### [Source data]
--------------------------------

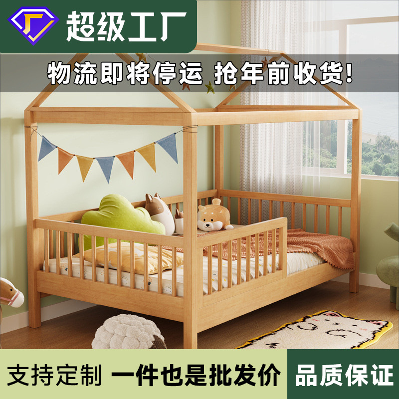 全実木児童ベッド男の子女の子プリンセスベッドガードレール付きテントベッド1メートル5男の子家テント樹屋ベッド
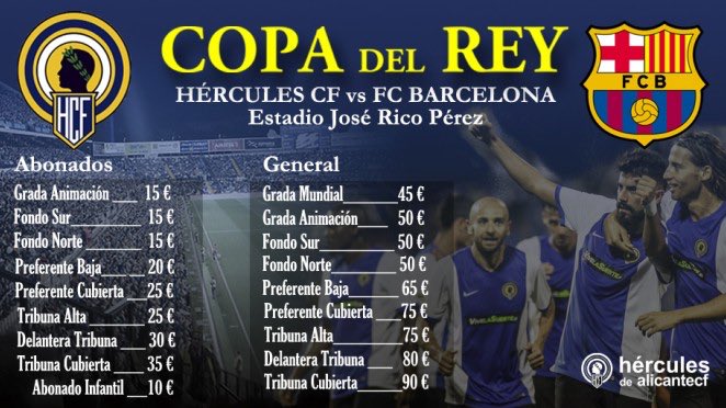 #258• precios del cultural-real madrid: Precio de las entradas #CulturalRealMadrid No Socios:Fondo 50, Preferencia 70, Tribuna 80 Socios:Fondo 25, Preferencia 35, Tribuna 40 precios del hercules-barcelona:
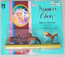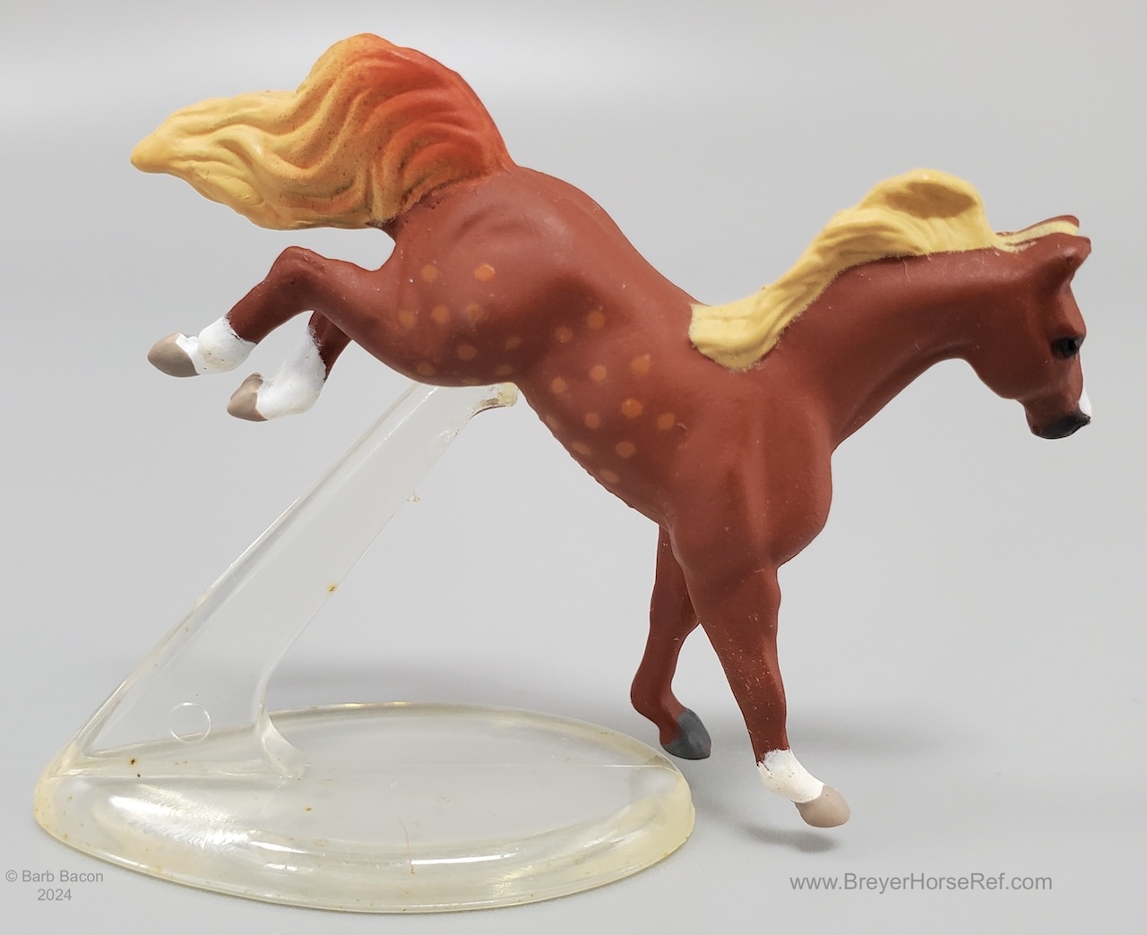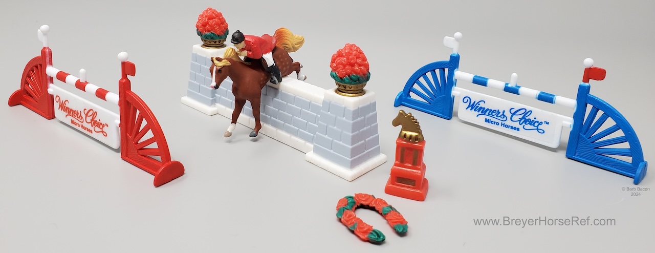 This model was released in the Series 2 Morgan Set #39601, Winners Choice Micro Horses by Creata International in 1997. Also in 1997, this model was released in the Series 2 set #39701 Grand Prix II Playset. Set included 3 jumps and a rider. Both of these sets were produced for Mass Market stores (larger retail stores like Target).

--------------------------------

### [Problem to work on]
Please set down exactly the lines from the first line of the data above through the line with "#258• precios del", both included, leaving out the pictures.

### [Exercise output]
 全実木児童ベッド男の子女の子プリンセスベッドガードレール付きテントベッド1メートル5男の子家テント樹屋ベッド
 #258• precios del cultural-real madrid: Precio de las entradas #CulturalRealMadrid No Socios:Fondo 50, Preferencia 70, Tribuna 80 Socios:Fondo 25, Preferencia 35, Tribuna 40 precios del hercules-barcelona:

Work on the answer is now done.